I want that every JSON property name represents the path to it.

public class Person
{
    public string FirstName { get; set; }
    public string LastName { get; set; }
    public Address Address { get; set; }
}

public class Address
{
    public string Street { get; set; }
    public string StreetNumber { get; set; }
}

Using Newtonsoft.Json I currently get this JSON:

{
   "firstName":"Homer",
   "lastName":"Simpson",
   "address":{
      "street":"Evergreen Terrace",
      "streetNumber":"742"
   }
}

Is it possible to get this JSON instead:

{
   "person.firstName":"Homer",
   "person.lastName":"Simpson",
   "person.address":{
      "person.address.street":"Evergreen Terrace",
      "person.address.streetNumber":"742"
   }
}

Answer 1

You can't do that, 'cause it's ambiguous. How would this file be deserialized?

In C#, it could be interpreted as...

public class Person
{
    public string Person.firstName { get; set; }
    public string Person.LastName { get; set; }
    public Address Person.Address { get; set; }
}

It's a invalid format, so your file must cause a Exception or a compilation error.

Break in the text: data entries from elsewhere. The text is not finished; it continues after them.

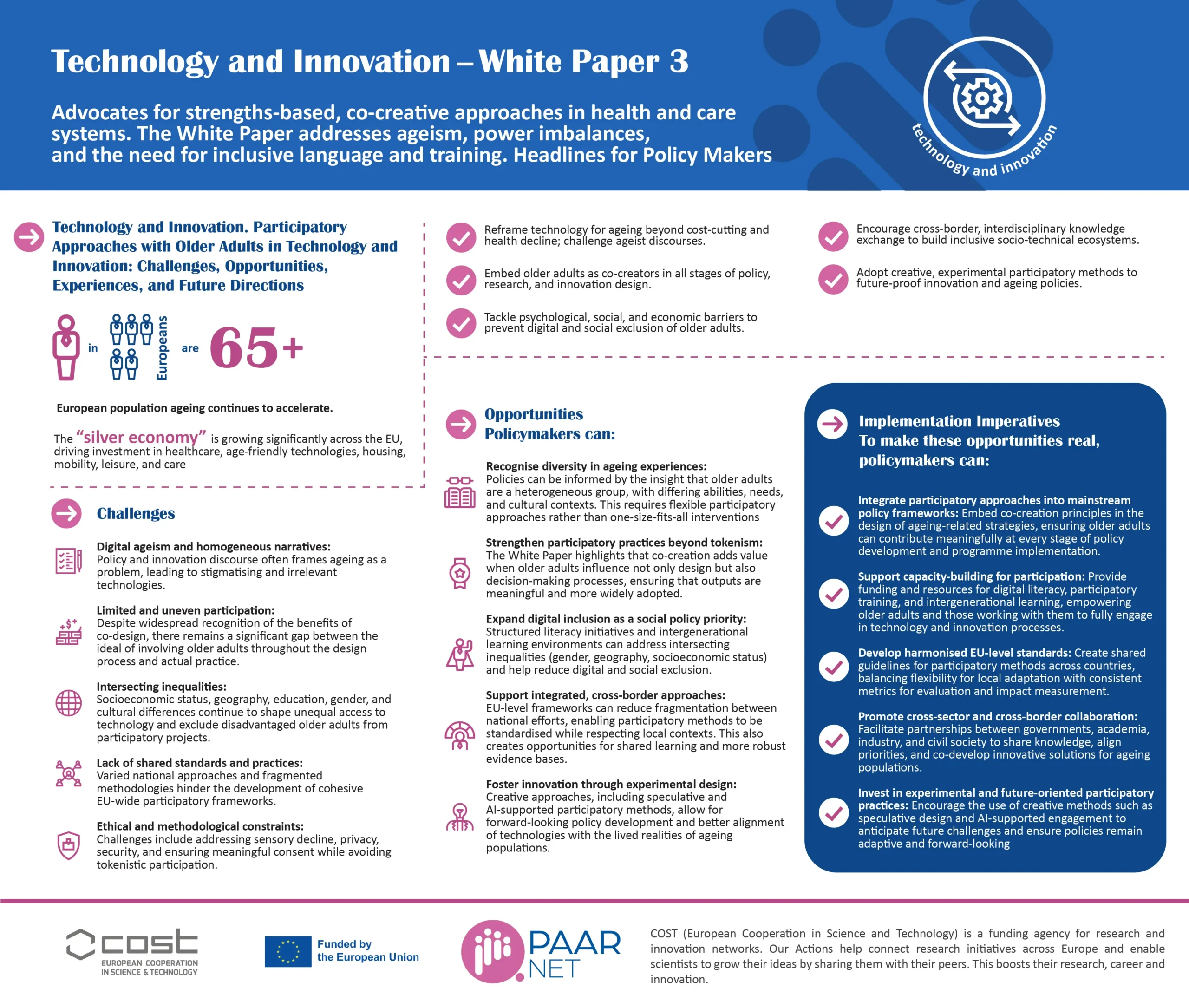 Gender equality is a cross-cutting priority of PAAR NET. Across the project, we embedded gender-sensitive approaches in research, participation, data analysis, and outcomes. Looking with a gender lens on each White Paper, we surfaced concrete evidence of how gender shapes participation, access, and equity. Together, these findings show that meaningful change requires recognising gender not as a side issue but as a structural factor influencing every dimension of ageing and participation.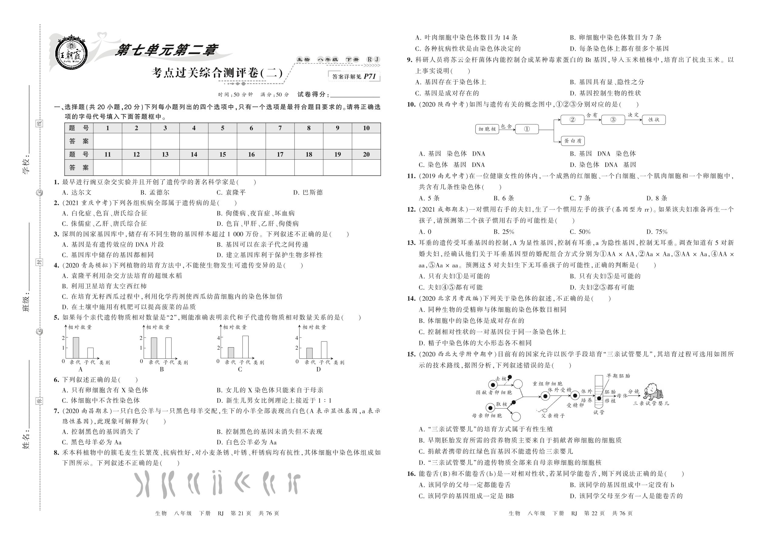 八年级生物人教版下册单元卷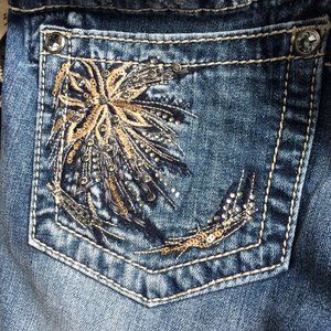 Miss Me Flower Corner Boot Jeans Sz 29 Rhinestones Sequins Medium Wash JP5636B2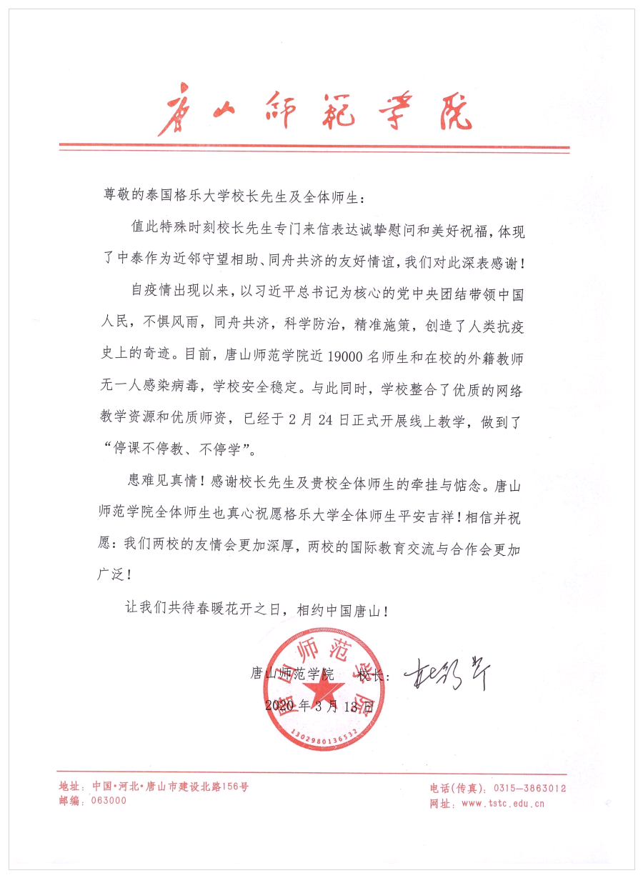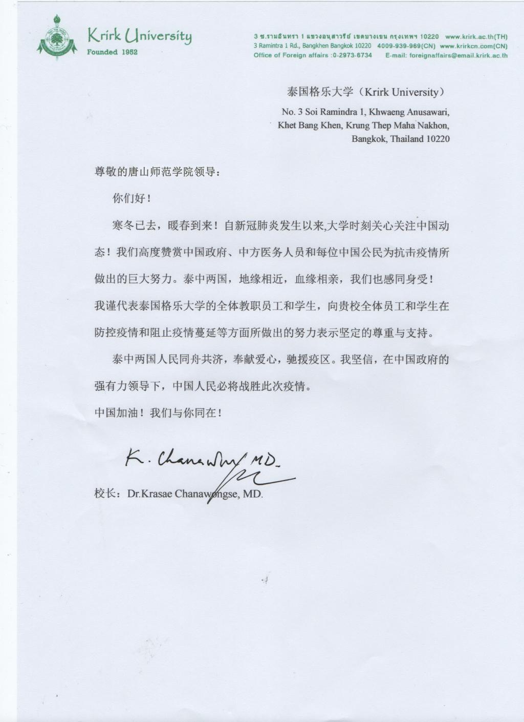 近日,在抗击新冠肺炎疫情的关键时刻,海外友好学校泰国格乐大学校长杨金泉博士(Dr. Krasae Chanawongse)向纽约国际官网发来慰问函,校长杜彩芹教授回信致谢。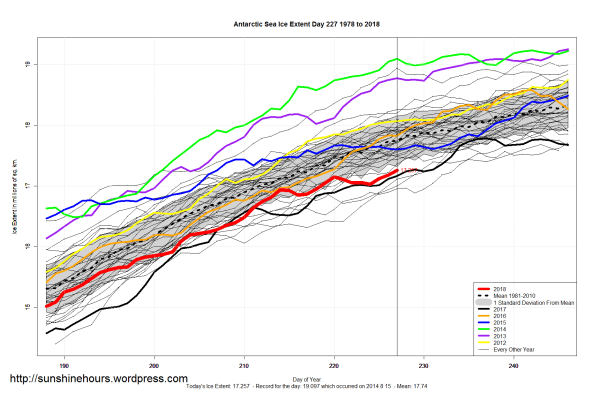 Sea Ice Extent (Global Antarctic and Arctic) – Day 227 – 2018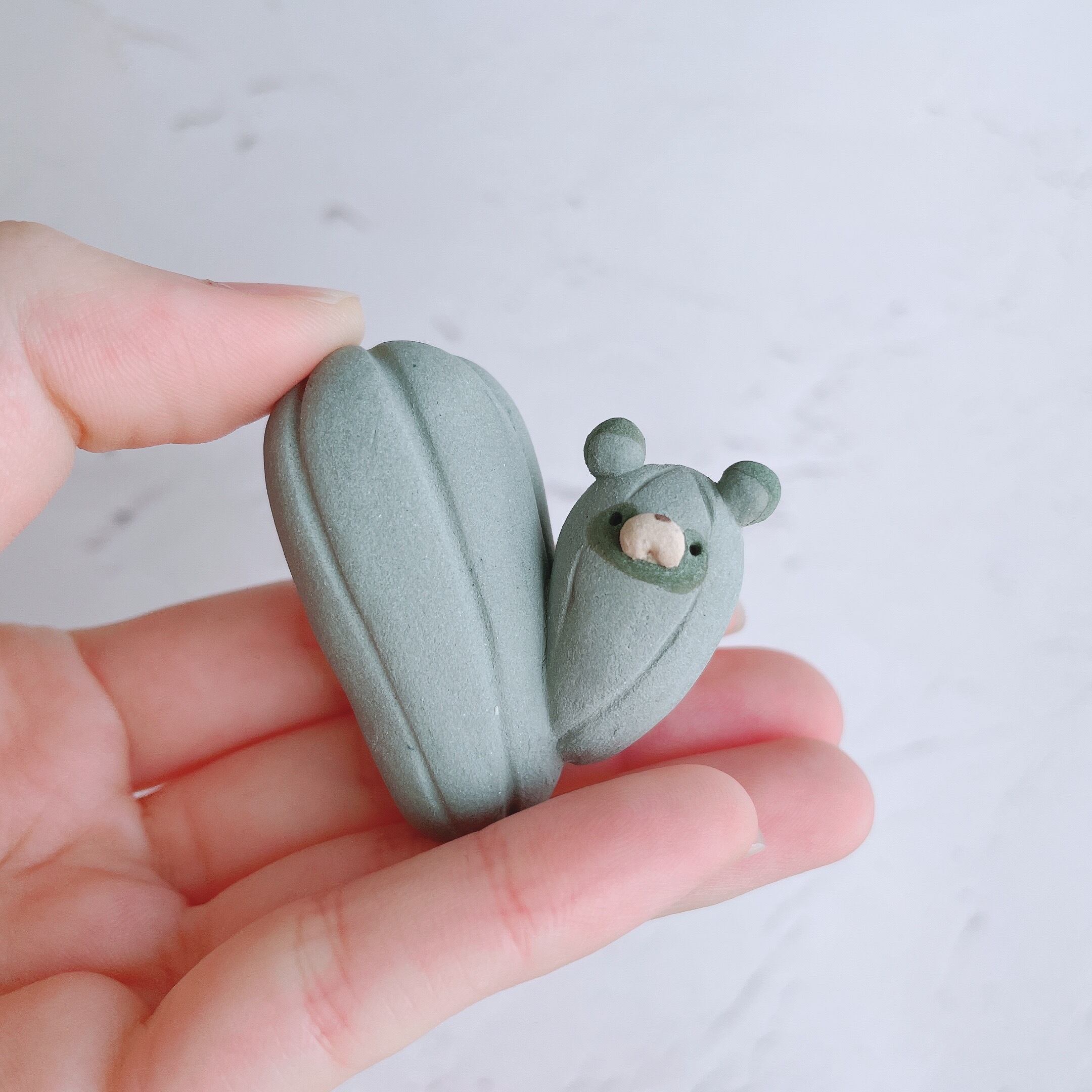 サボテンに化けたたぬきたちの置物です。

Try this on browser, using JSON.parse() method and you'll get a object with this structure (the property names with a dot).

Answer 2

this format is invalid . but : sample

        private static string _getCustomJsonFormat(object o, string _parentPath = "")
    {
        string str = "{" ;
        {

            var t = o.GetType();
            var props = t.GetProperties();
            if (props != null)
            {
                List<string> _kv = new List<string>();
                foreach (var i in props)
                {
                    List<string> _path = new List<string>() { };
                    if (_parentPath.Length == 0) _path.Add(t.Name);
                    _path.AddRange(_parentPath.Split('.').Select(m => m.Trim()).Where(m => m.Length > 0));
                    string _p = i.Name; 
                    object _v = i.GetValue(o);
                    Type _vt = _v.GetType();
                    _path.Add(_p);
                    if (_vt.IsNested)
                    {
                        // Get Object
                        _kv.Add("\"" + string.Join(".",_path) + "\":" + _getCustomJsonFormat(_v, string.Join(".", _path)));
                    }
                    else {
                        // Get Property
                        _kv.Add("\"" + string.Join(".", _path)+ "\":\"" + _v.ToString() + "\"");
                    }
                }
                str += string.Join(",", _kv);

            }
        }
        return str+" }";
    }

use :

            var p = new Person() { Address = new Address() { Street = "1", StreetNumber = "2" }, FirstName = "a", LastName = "b" };
        var x = _getCustomJsonFormat(p);

Answer 3

Json.NET will not serialize an object using JSONPaths as property names out of the box because it is a contract-based serializer. As such, it will serialize all instances of some type T in the same way wherever they are encountered in the serialization graph. You, conversely, want a slightly different contract for each instance encountered that reflects the path to the instance in the graph.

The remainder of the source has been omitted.